In classic Soviet style, a force was deployed complete with a freshly-penned Shos­takovich symphony for the victory parade through Helsinki, only for the Red Army to turn the Finnish snow, well, red, with the corpses of about half a million of its young men.

Enraged by the Finland debacle, Stalin was determ­ined to rein­vig­or­ate his forces as world war loomed. His solution was to send a sadistic commissar named Mekhlis to the front to have the commander and some of his staff shot in front of their men, depleting the officer ranks a little further and placing greater oper­a­tion­al command in the hands of petrified novices just as Hitler was drawing up his invasion plans. Stalin had already summarily executed thousands of accom­plished officers including the excep­tion­al Mikhail Tukhachevsky who bore the nickname, ‘Red Napoleon’.

Con­tinu­ing these tra­di­tions of ruth­less­ness, incom­pet­ence and hubris, now Russia is attempt­ing to decap­it­ate another sovereign state on its borders, Ukraine. Ukraine’s pro­voca­tion was to glance westward and a reluct­ance to join a new Soviet Union just because the old one conspired to starve some eight million Ukrain­i­ans in the enforced famine of the 1930s.

The Russian soldiers entered Ukraine equipped with parade uniforms, evidently blind to history and inebri­ated by their own pro­pa­ganda. What was vaunted as a ‘special operation’ to pummel a few Nazi strag­glers before receiving the flowers of a grateful nation, quickly turned into another hellscape of urban war. The parade uniforms have been left to the Ukrainian mud and 15,000 Russians are dead, small potatoes compared with the blood sac­ri­fices in Finland and the Great Patriotic War, but heavy losses, non­ethe­less. Russia has suffered as many cas­u­al­ties in a hundred days as it did in a decade of war in Afgh­anistan. Addi­tion­ally, the Russians have lost as many as twelve generals, the latest casualty iron­ic­ally bearing the name of the Russian commander-in-chief who outfoxed Napoleon, Kutuzov.

Of course, the cas­u­al­ties of war have little touched the major cities in European Russia. Only handfuls of dead have been reported from Moscow or St. Peters­burg. Soldiers from the Caucasus and the Siberian region of Buryatia, which abuts Mongolia, are stag­ger­ingly over-rep­res­en­ted among the dead. This reflects a diabol­ic­al calculus that as long as the body bags head to far-flung regions and not the heart of power, Putin’s war can continue unimpeded.

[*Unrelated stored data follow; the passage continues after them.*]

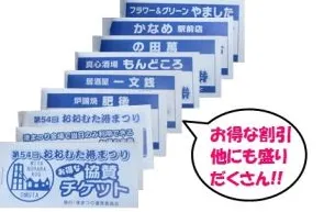 木札を購入された方は協賛先の店でご利用の際クーポンチケットを提出して頂きますと割引やサービスを受けることができます。
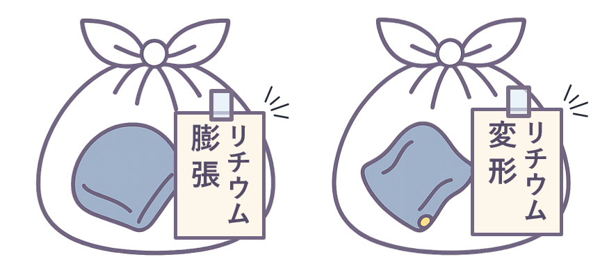 端子部に透明なテープを貼り絶縁し、透明な袋に入れ、「充電池」「リチウム」などと表示。膨張・変形したものは袋を分けて「リチウム変形」などと表示。
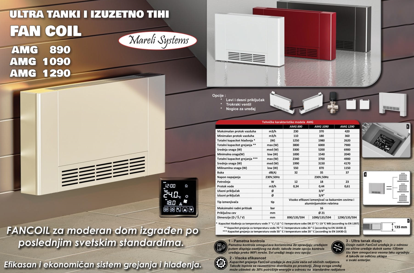 Mareli AMG 890 – ultra tanak parapetni/podno-montirani fan coil uređaj (ventilokonvektor) sa hlađenjem, grejanjem i WiFi kontrolom – idealan za moderne enterijere i sisteme grejanja/hladjenja.
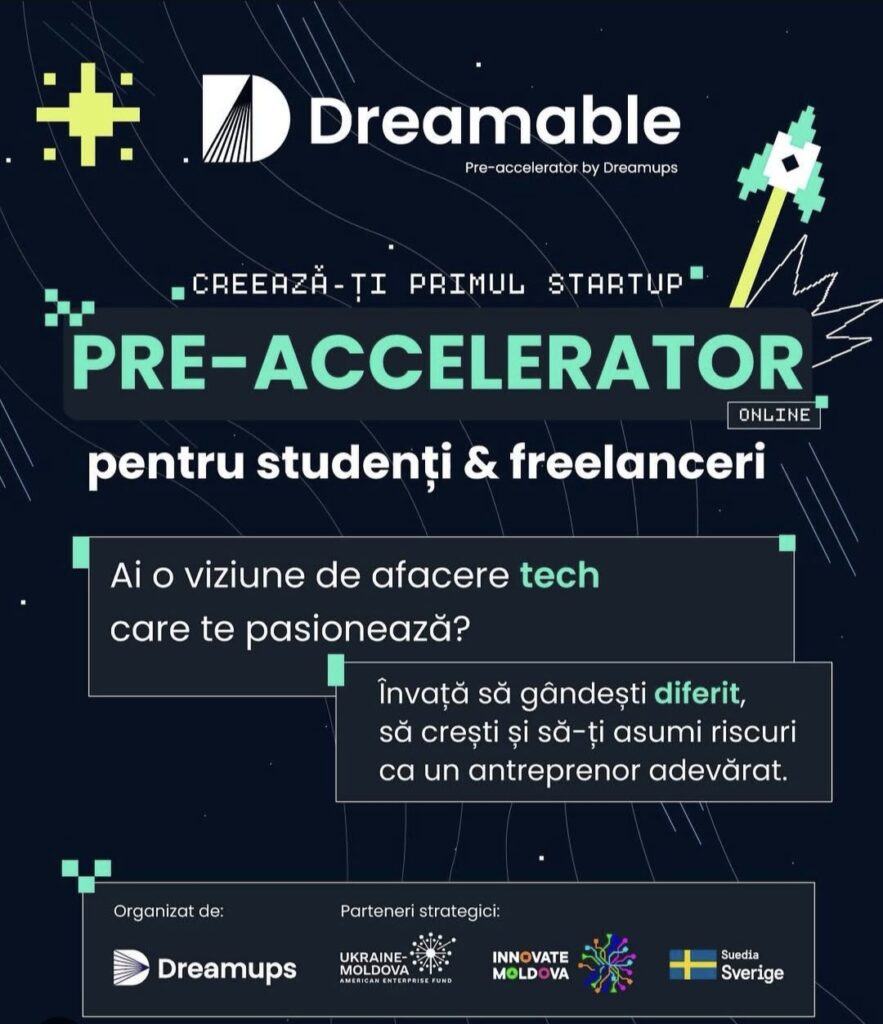 Dacă ai o idee de afacere și visezi să o transformi într-un startup real, dar nu știi de unde să începi, programul Dreamable Pre-Accelerator îți oferă exact sprijinul de care ai nevoie. În doar opt săptămâni, participând online, din orice colț al Moldovei, poți parcurge drumul de la simplă idee la fondator al unui startup.
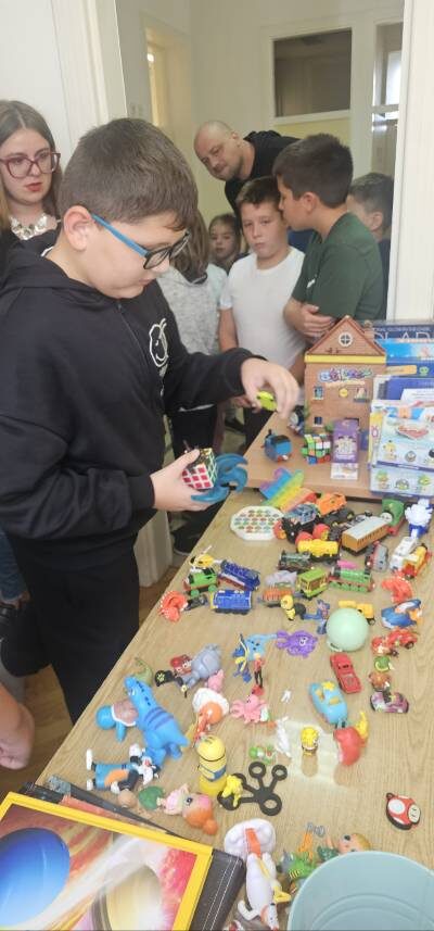 Dječji tjedan je u Osnovnoj školi Milana Šorga Oprtalj, na prijedlog Vijeća učenika, obilježen akcijom razmjene igračaka. Učenici su donosili u školu korištene igračke koje im više nisu potrebne. U prikupljanju, sortiranju i slaganju igračaka pedagoginji su pomogli učenici koji pohađaju izvannastavnu aktivnost Građanski odgoj i obrazovanje. Razmjena igračaka održala se u ponedjeljak, 6. listopada 2025. U akciju sakupljana i razmjene igračaka uključili su se svi učenici razredne i predmetne nastave. Kroz zabavnu aktivnost razvijamo kod učenika odgovorno potrošačko ponašanje i svijest o važnosti recikliranja i smanjenja potrošnje novih materijala te potičemo socijalnu osjetljivost i solidarnost.

If the Finland campaign is indeed prologue, Russia might ulti­mately claim some sort of victory in Ukraine and emerge with newly annexed regions. But this should not be mistaken for Russian power, nor should it deter the world in con­front­ing Russian imper­i­al­ism. Russia has always teetered, wracked by suspicion and insec­ur­ity. The truly powerful feel no need to peri­od­ic­ally toss their own people on the pyre, only to prove the totality of devotion to an unknown cause.